PROVIDED INFORMATION below:

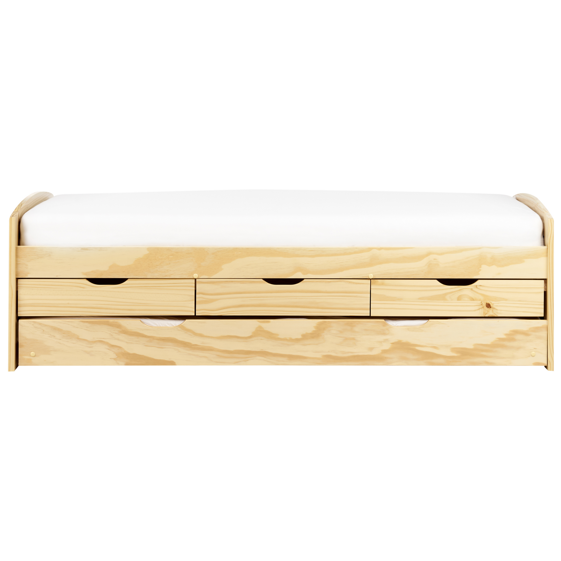 Beschreibung: Dieses Einzelbett punktet mit einem cleveren Design, das Funktionalität, eine angenehme Nachtruhe und mehr Charme ins Schlafzimmer bringt. Der Bettrahmen verfügt über geräumige Schubladen und ein integriertes Unterbett, das nach dem Schlafen wieder einfach unter das Bett geschoben werden kann. So ist mit dem Tagesbett nicht nur ein zusätzlicher Schlafplatz, sondern auch ein praktischer Stauraum für Spielzeug, Bettzeug oder Kleidung gegeben. Die schlichte Linienführung des Bettgestells und die natürliche Maserung des Kiefernholzes machen das Bett zu einer wundervollen Wahl für Wohn- oder Schlafbereiche, insbesondere für Kinder- oder Gästezimmer. Material: Kiefernholz. Gewicht: 50 Montage: Nicht montiert Holzart: Pinus taeda Holzursprung: Brasilien Gewichtskapazität: 120 Schlafende Oberfläche: 90x200 Das Angebot beinhaltet: 1 x Bettrahmen, 1 x Rollrost (Anzahl der Latten: 14), 1 x Rollrost (Anzahl der Latten: 11), Nicht im Lieferumfang enthalten: Matratze, Bettwäsche und Kissen Höhe: 63 zusätzliche Information: Um die Schublade problemlos zu schliessen, sollte die Höhe der unteren Matratze nicht mehr als 10 cm betragen., Dieses Produkt entspricht der Norm EN 71-3 und wurde gründlich getestet, um zu bestätigen, dass es keine schädlichen Mengen toxischer Substanzen enthält. Somit ist es sicher für den täglichen Gebrauch, insbesondere in Umgebungen, in denen Sicherheit eine Priorität ist., Das ausziehbare Bett ist so hergestellt, dass es auf einer niedrigeren Höhe bleibt und nicht bis zur oberen Matratze angehoben werden kann., Holz ist ein natürliches Material, daher bleibt die feine, natürliche Struktur und die ganz besondere Optik der Holzoberfläche trotz der Farbschicht erhalten. Breite: 99/190 Länge: 206 Art: Ausziehbett Stil: Skandinavisch Allgemeine Farbe: Heller Holzfarbton Hauptmaterial: Kiefernholz Stoff gepolstert zurück: Nein
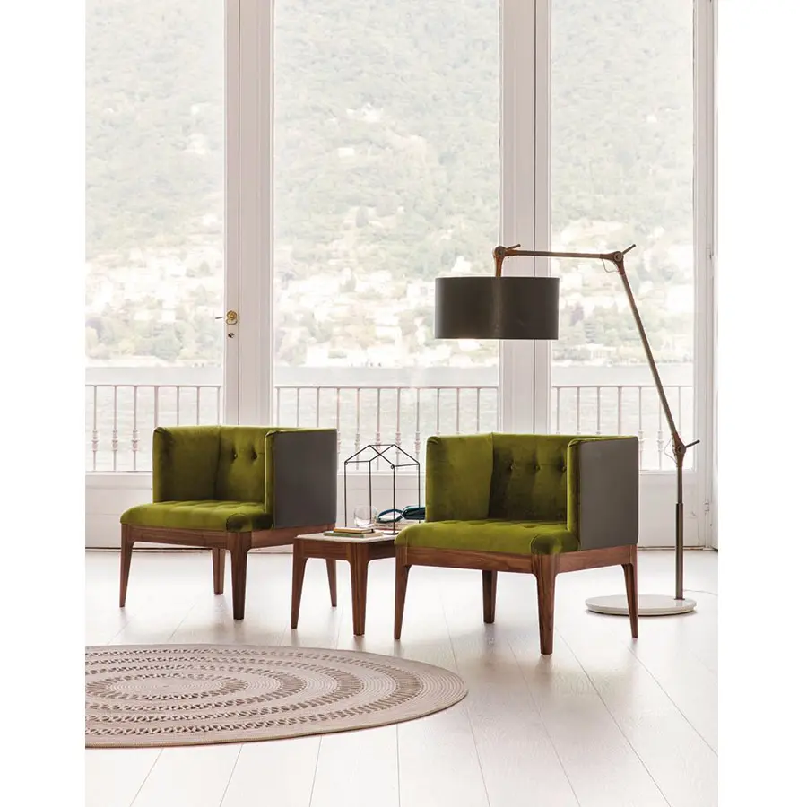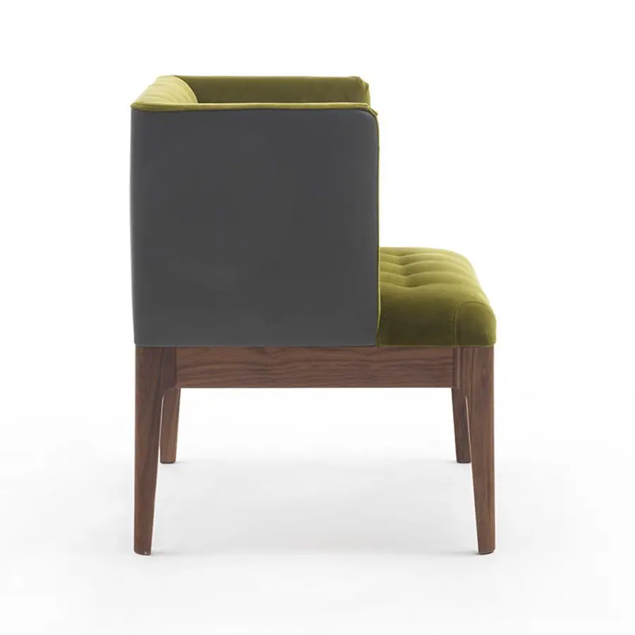Butaquita con estructura en nogal canaletta macizo y asiento con decoración capitoné en las telas de la colección. Posibilidad de combinar telas diferentes entre asiento y respaldo y de pedir los botones tono sobre tono o en contraste.
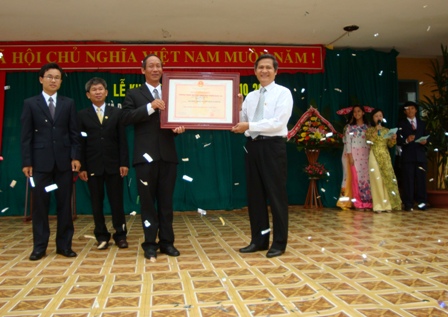 | Phó Bí thư Thường trực Tỉnh ủy, Hoàng Trọng Hải, trao Bằng công nhận Chuẩn Quốc gia cho tập thể Trường THPT Buôn Ma Thuột. Ảnh: Phạm Huỳnh |
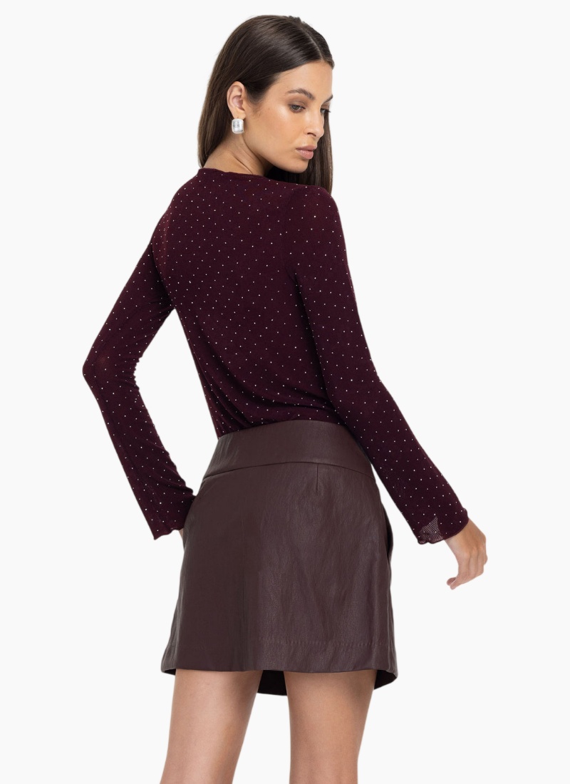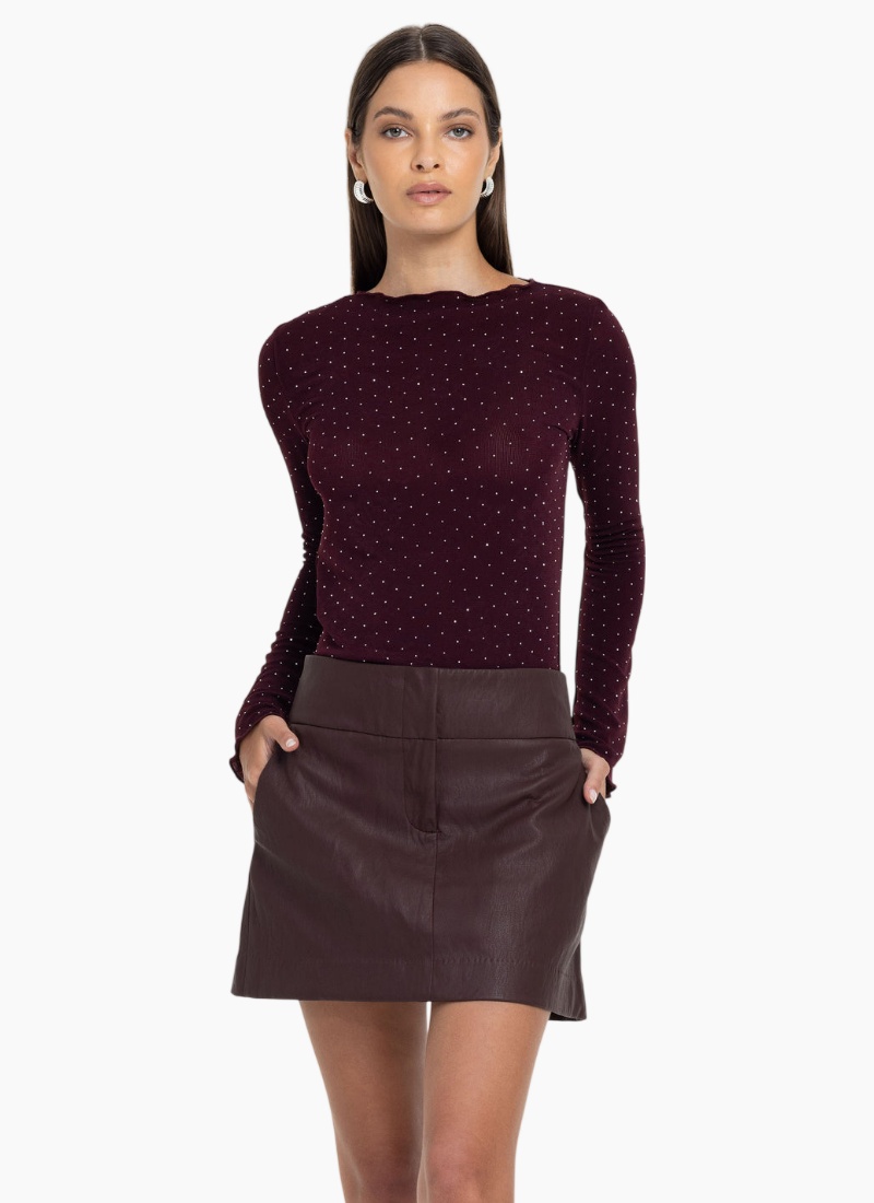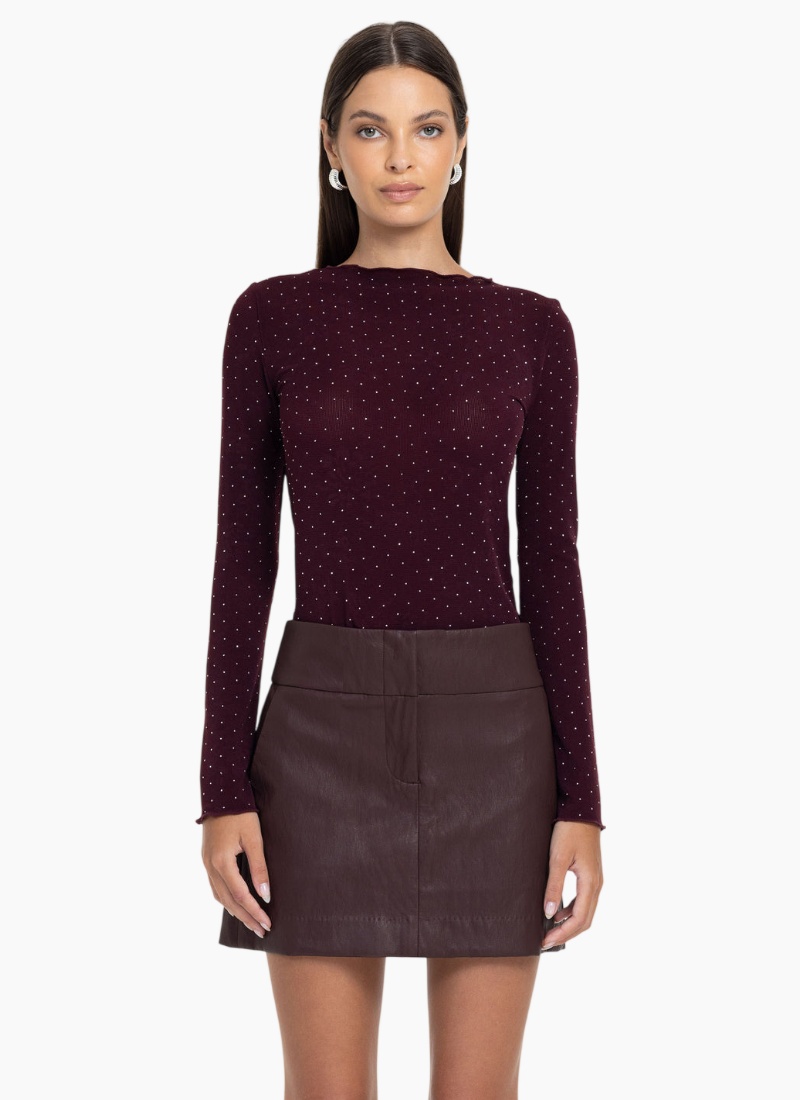 Introducing the Gigi Top from Blak. This burgundy, silver-diamanté embellished ribbed knit top offers understated glamour for day-to-night dressing.
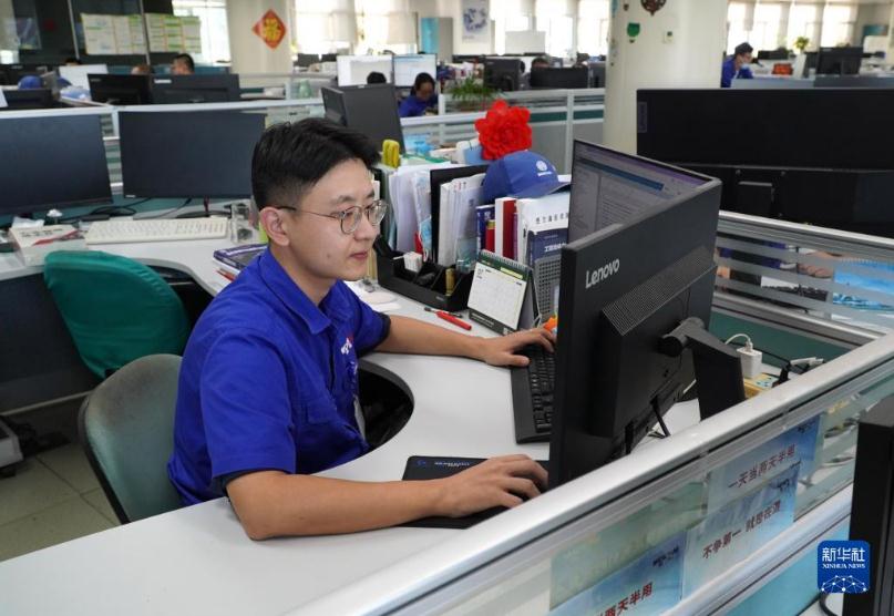 在山東省濰坊市,濰柴集團25歲的工程師付萬鑫在工作中(9月19日攝)。新華社記者 徐速繪 攝
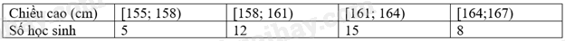 Ta có bảng tần số ghép nhóm cho mẫu số này với các nhóm [155; 158), [158; 161), [161; 164), [164;167) là:
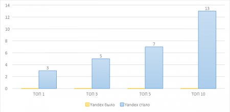 2. Спустя 8 месяцев SEO-работ количество вывода ключевых фраз в топ-10 подросло: Yandex – до 20%, Google – до 60%. Это сочиняет 115 запросов от всего семантического ядра.
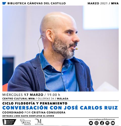 Mañana miércoles, 17 de marzo, a las 19.00 horas, el Centro Cultural MVA de la Diputación de Málaga será escenario de la sesión inaugural del Ciclo ‘Filosofía y Pensamiento’ que impulsa la Biblioteca Provincial Cánovas del Castillo. El filósofo José Carlos Ruiz y Cristina Consuegra, coordinadora del ciclo, debatirán sobre el ensayo ‘Filosofía ante el desánimo’ (Destino, 2021), título que analiza, de manera pormenorizada y próxima, las diversas variables que influyen en la identidad del individuo contemporáneo; variables vinculadas a la turboceleridad, la bulimia emocional, la obsesión por la producción o la precariedad laboral, entre otros asuntos que están definiendo el rumbo de las sociedades occidentales.
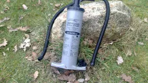 Was mir dann plötzlich vor die Nase viel war die Schlauchbootpumpe für 10,- €, die wahlweise entweder pumt oder saugt. Sie hat unter anderem einen Aufsatz der perfekt in den Wasserschlauch passt. Einmal pumpen und das Wasser ist komplett da...!
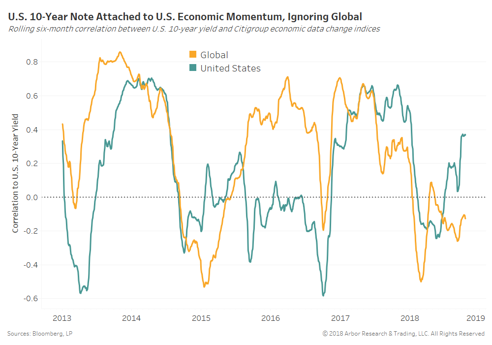 U.S. 10-year notes, the world’s most-watched safety zone of choice, has disconnected from global economic data. Instead, bond investors have reacted almost exclusively to U.S. economic data since the summer of 2018.
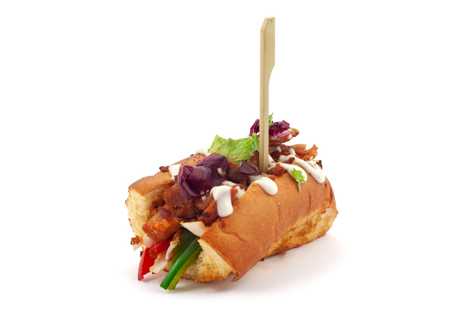 Pa de brioche farcit amb carn de porc guisada al forn amb salsa de iogurt
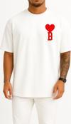 Oversize Kalp Ve B Harfi Cep Tasarımlı Unisex T-Shirt
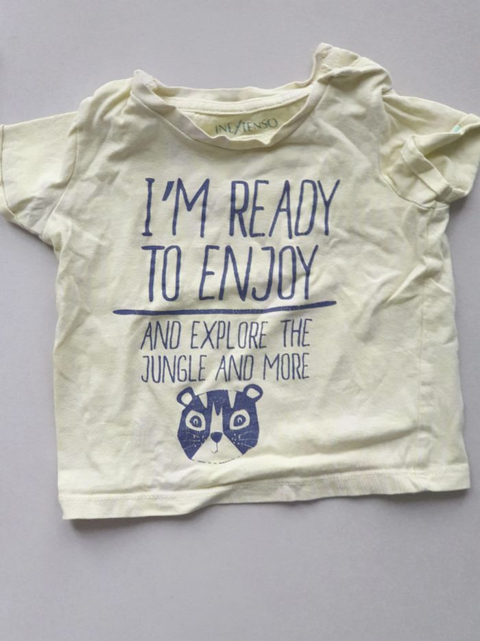 1 t-shirts orange MC 12 mois marque TISSAIA marqué le marché du village TANGALI (2 boutons sur le coté du cou) 1 t-shirts MC jaune marque inextenso image tete lion I'M READY TO ENJOY 74 CM (1 bouton sur le coté du cou) #laetie69_taille12mois

End of PROVIDED INFORMATION.

● **TASK DETAILS**
Copy exactly the lines from the line holding "Oversize Kalp Ve" to the final line of the listing, and leave the pictures out.

● **TASK RESULT**
 Oversize Kalp Ve B Harfi Cep Tasarımlı Unisex T-Shirt
 1 t-shirts orange MC 12 mois marque TISSAIA marqué le marché du village TANGALI (2 boutons sur le coté du cou) 1 t-shirts MC jaune marque inextenso image tete lion I'M READY TO ENJOY 74 CM (1 bouton sur le coté du cou) #laetie69_taille12mois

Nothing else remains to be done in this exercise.